I am sorry your feelings were hurt. I know my emotions are rather raw these days too. Trust what you know about yourself and I trust if things do get too difficult you will go to your dr. That does not mean you are mentally ill it just means your are going through a rough patch. I wish you well and will keep you both in my thoughts.


Marg
  #6  
Unread 06-30-2005, 08:47 AM
DH say mental illness



Sherlock, sometimes we need to be very explicit when explaining what we need to those we are closest to. Saying something like "I need hugs and patience from you, and not your diagnosis. I do hear what you are saying, but my crying is not a rare or unexpected response to my situation."

It's very easy for folks with training and experience to fall into trying to fix the problems for the people they are close to. I don't know about you, but I don't need my DH to fix me, I need him to love me, listen to me, and allow me a bit of space.

I'm 8 weeks post-op and still working to improve my stamina. My doctor told me to expect between 6 months and a year for full recovery. I am seeing improvement, and you do need to discuss things with your doctor if you are not improving.

It may take awhile to get your hormones adjusted. Keep working with your doctor. I hope things even out for you soon!
  #7  
Unread 06-30-2005, 10:22 AM
DH say mental illness

I just felt that I needed to clarify something about my husband. He has a PhD in Educational Psychology , which means everything he knows pertains to how and why students learn in some ways and don't in others and how to work with them. It's not like he's a "real"
psychologist, even though he sometimes acts like he thinks he is....

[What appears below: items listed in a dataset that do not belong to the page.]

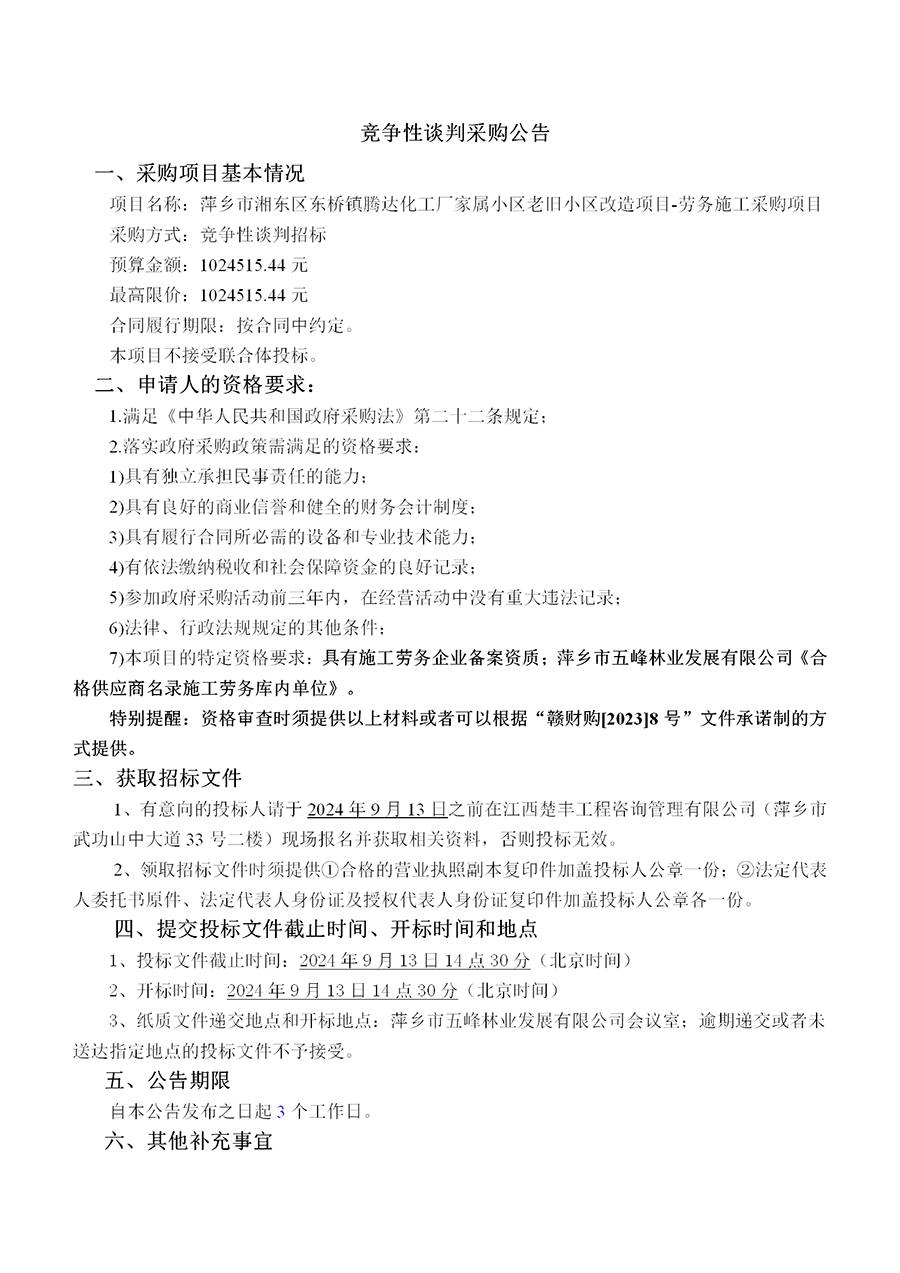 萍鄉(xiāng)市五峰林業(yè)發(fā)展有限公司現(xiàn)對“萍鄉(xiāng)市湘東區(qū)新棚里小區(qū)老舊小區(qū)改造項目材料采購進行公開詢價?,F(xiàn)歡迎符合資格條件的供應(yīng)商前來響應(yīng)。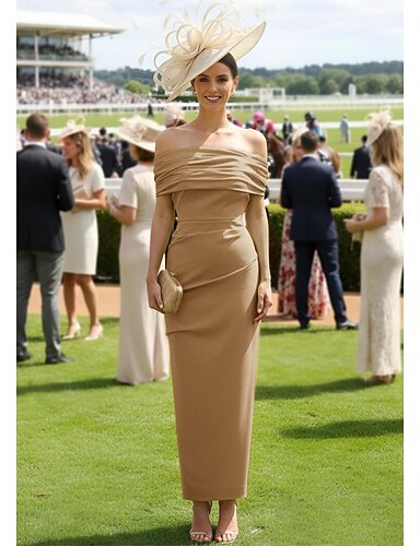 Tubino Colonna Lunghezza alla caviglia Abito da Cocktail Abito da invitata a nozze Abito Derby Abito da cerimonia per signora Manica 3/4 Scollo Tondo Elegante Formale Raso Elasticizzato Crepe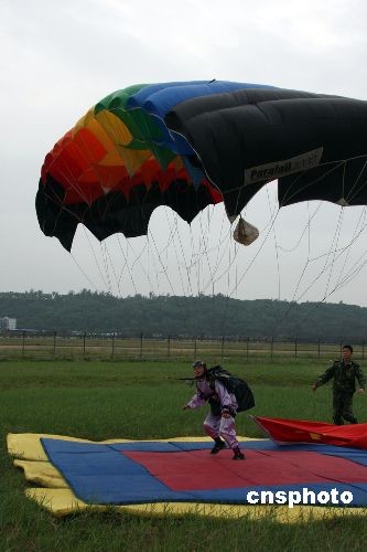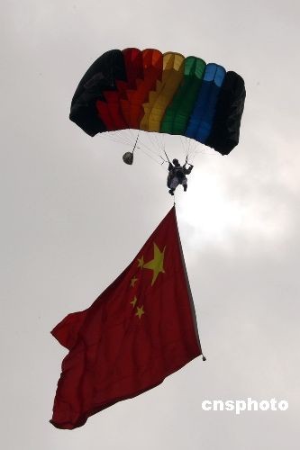 11月初,第七屆中國國際航空航天博覽會(huì)上,中國空軍跳傘運(yùn)動(dòng)大隊(duì)的27名隊(duì)員先后進(jìn)行了跳傘表演,其中的喜從天降、航空盛典、東方之珠、金龍飛舞、空中彩虹等精彩課目。圖為空軍跳傘運(yùn)動(dòng)大隊(duì)隊(duì)員肖茜蓉帶著鮮艷的五星紅旗第一個(gè)從天而降。中新社發(fā) 譚超 攝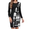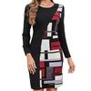 2024 Damen Frühlingskleid Farbblock Geometrischer Patchwork Rundhals Langarm Lockerer Pullover Weich Über Knie Länge Lässig Alltag Mini Kleid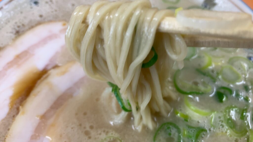 麺は中細ストレート麺。麺がスープに絡み、大変美味!

Thanks for all your advice and input.
You'll never know how much I appreciate it.
  #8  
Unread 06-30-2005, 10:47 AM
DH say mental illness

Husbands aside, could it be that your dosage of Premarin needs an upgrade?

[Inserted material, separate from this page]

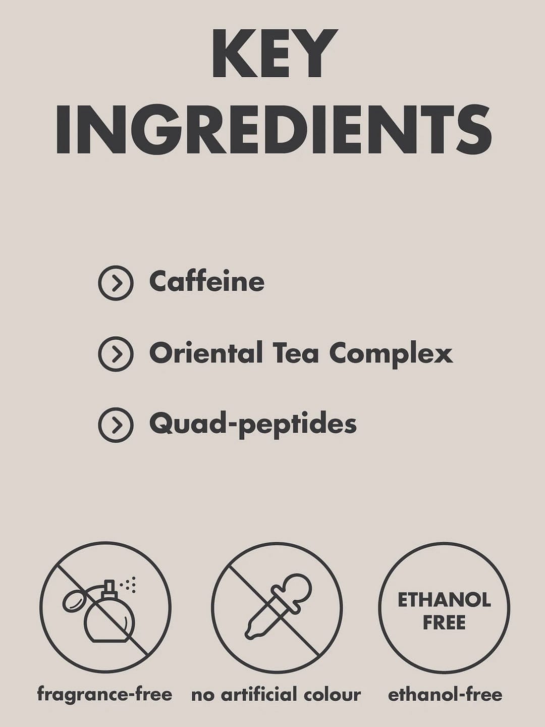 Water, Glycerin, 1,2-hexanediol, Butylene Glycol, Propanediol, Argania Spinosa Kernel Oil, Simmondsia Chinensis (Jojoba) Seed Oil, Tocopherol, Caffeine, Phaseolus Angularis Seed Extract, Artemisia Princeps Leaf Extract, Camellia Sinensis Leaf Extract, Chaenomeles Sinensis Fruit Extract, Chrysanthellum Indicum Extract, Cinnamomum Cassia Bark Extract, Diospyros Kaki Leaf Extract, Perilla Frutescens Extract, Portulaca Oleracea Extract, Acetyl Hexapeptide-8, Copper Tripeptide-1, Oligopeptide-29, Oligopeptide-32, Carbomer, Hydroxyethylcellulose, Hydroxyethyl Acrylate/Sodium Acryloyldimethyl Taurate Copolymer, Polyglyceryl-10 Laurate, Sorbitan Isostearate, Caprylyl/Capryl Glucoside, Sodium PCA, Tromethamine, Ethylhexylglycerin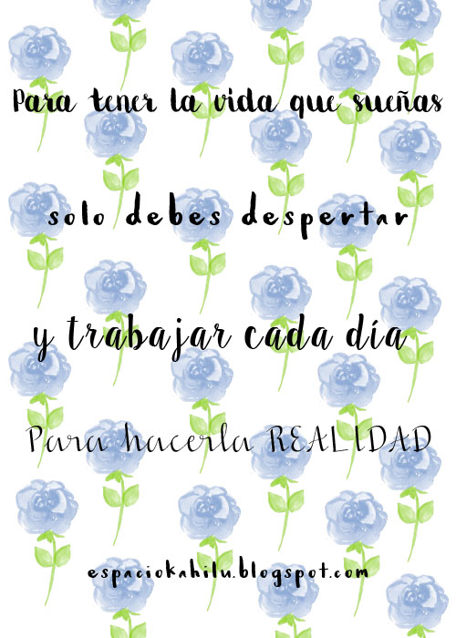 Y aqui les dejo el mio para hoy, para recordarles que se puede soñar, soñar en grande pero mantenernos siempre despierta trabajando y construyendo ese sueño.

Emotional outbursts can be a sign of menopause, as well as depression.

As for your dh, perhaps you could just point out to him that his job is to provide support, and when you need a medical diagnosis you'll see a doctor.

Heavens, if all of us who burst into tears were mentally ill, well, I don't suppose there are enough institutions out there to hold us all!

HollyK
(whose dh is dealing with a wife in surgical menopause and 2 kids in puberty, and knows enough to back quietly out the room when hormones start flying!)
  #9  
Unread 06-30-2005, 11:02 AM
DH say mental illness

I'm currently taking the highest dose of Premarin. I already had hormonal issues long before my surgery and my doc said he would rather back off my dosage than start me too low and prolong my suffering. It just scares me that I'm not myself yet. I'm sick of not feeling in control of my emotions. Also, I do think my husband's response to my difficulties is because he doesn't understand it and he can't fix it.
  #10  
Unread 06-30-2005, 01:08 PM
DH say mental illness

Sherlock

My DH and I had to have a rather heated and long discussion concerning his need to "Mature UP" and be my partner and help me through all this. His constantly picking at me about not being myself and how his needs weren't being met finally got the best of me. And a man who's expecting to be pampered by a hormonal, recovering woman is a situation that will probably explode eventually. *punch*

He did admit to being selfish and unrealistic in his expectations and agreed that he would back off and just accept me for how I was on whatever particular day. I am on Premarin 1.25 and am still having good days and bad days, but they are starting to level out. I'm pretty much over the weepyness but am still a little short on patience.

In a calmer discussion he also admitted to being frustrated and stressed too because he didn't know how to help me. We both agreed to try to be kinder and gentler with each other. So far things are better and having so much less stress has made things much easier on us both.